1. Once all iterations are complete, print out the best value for k and the F1-score it achieved.

In [18]:
def find_best_k(X_train, y_train, X_test, y_test, min_k=1, max_k=25):
    #Your code here
    best_k = 0
    best_score = 0 
    for k in range(min_k,max_k+1,2):
        knn.fit(X_train,y_train)
        preds = knn.predict(X_test)
        f1 = f1_score(y_test,preds)
        if f1 > best_score:
            best_score = f1
            best_k = preds
        
        


In [28]:
find_best_k(scaled_data_train, y_train, scaled_data_test, y_test)
# Expected Output:

# Best Value for k: 9
# F1-Score: 0.7435897435897435

Best Value for k: 9
F1-Score: 0.7435897435897435


If all went well, you'll notice that model performance has improved by over 4 percent by finding an optimal value for k. For further tuning, you can use scikit-learn's built in **Grid Search** to perform a similar exhaustive check of hyper-parameter combinations and fine tune model performance. For a full list of model parameters, see the [sklearn documentation !](https://scikit-learn.org/stable/modules/generated/sklearn.neighbors.KNeighborsClassifier.html)

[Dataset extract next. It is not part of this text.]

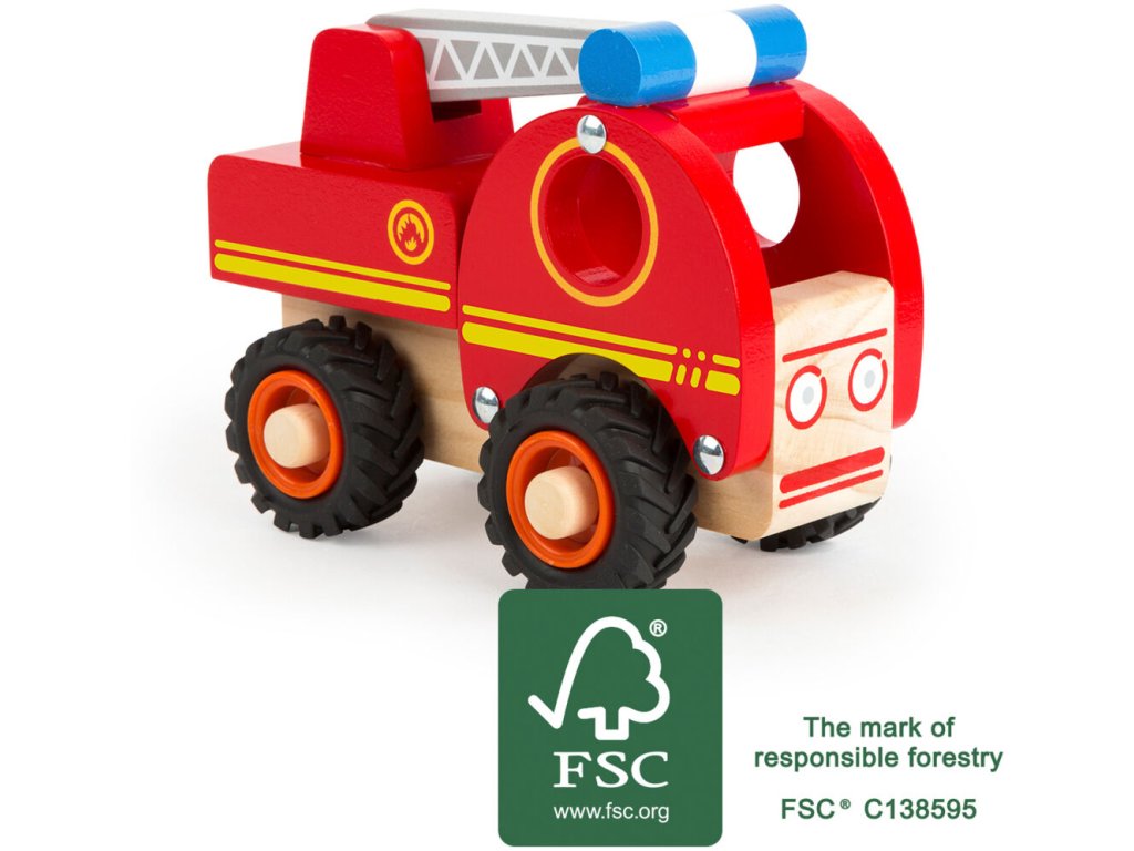 Toto hasičské auto přijede na místo co nevidět! Je vyrobeno ze 100% FSC® dřeva a mladým fanouškům hasičů nabídne mnoho možností hry. Pohyblivý žebřík dopraví hasiče kam potřebují, tichá pogumovaná kolečka odvezou auto bez problému na místo další mise! Hlavní vlastnosti: ideální pro fanoušky autíčekpevné dřevo, zaoblené hranyrealistický designdo auta se vejde figurka100% FSC® dřevopohyblivý žebříktichá pogumovaná kolečka Značka a certifikát FSC® (Forest Stewardship Council) zaručuje, že dřevo, ze kterého byl produkt vyroben, nebylo vytěženo nelegálně a pochází z lesů obhospodařovaných šetrným či přírodě blízkým způsobem, ve kterém jsou dodržovány přísné environmentální a sociální požadavky. Značka FSC® na výrobku znamená, že svým nákupem pomáháte chránit lesy a podporujete šetrné, odpovědné či přírodě blízké hospodaření, díky kterému jsou naše lesy stabilnější, zdravější, mají přirozenou druhovou skladbu a lépe odolávají negativním následkům klimatických změn.

## (Optional) Level Up: Iterating on the Data

As an optional (but recommended!) exercise, think about the decisions you made during the preprocessing steps that could have affected the overall model performance. For instance, you were asked to replace the missing age values with the column median. Could this have affected the overall performance? How might the model have fared if you had just dropped those rows, instead of using the column median? What if you reduced the data's dimensionality by ignoring some less important columns altogether?

In the cells below, revisit your preprocessing stage and see if you can improve the overall results of the classifier by doing things differently.Consider dropping certain columns, dealing with null values differently, or using an alternative scaling function. Then see how these different preprocessing techniques affect the performance of the model. Remember that the `find_best_k` function handles all of the fitting&mdash;use this to iterate quickly as you try different strategies for dealing with data preprocessing! 


## Summary

Well done! In this lab, you worked with the classic titanic dataset and practiced fitting and tuning KNN classification models using scikit-learn! As always, this gave you another opportunity to continue practicing your data wrangling skills and model tuning skills using pandas and sci-kit learn!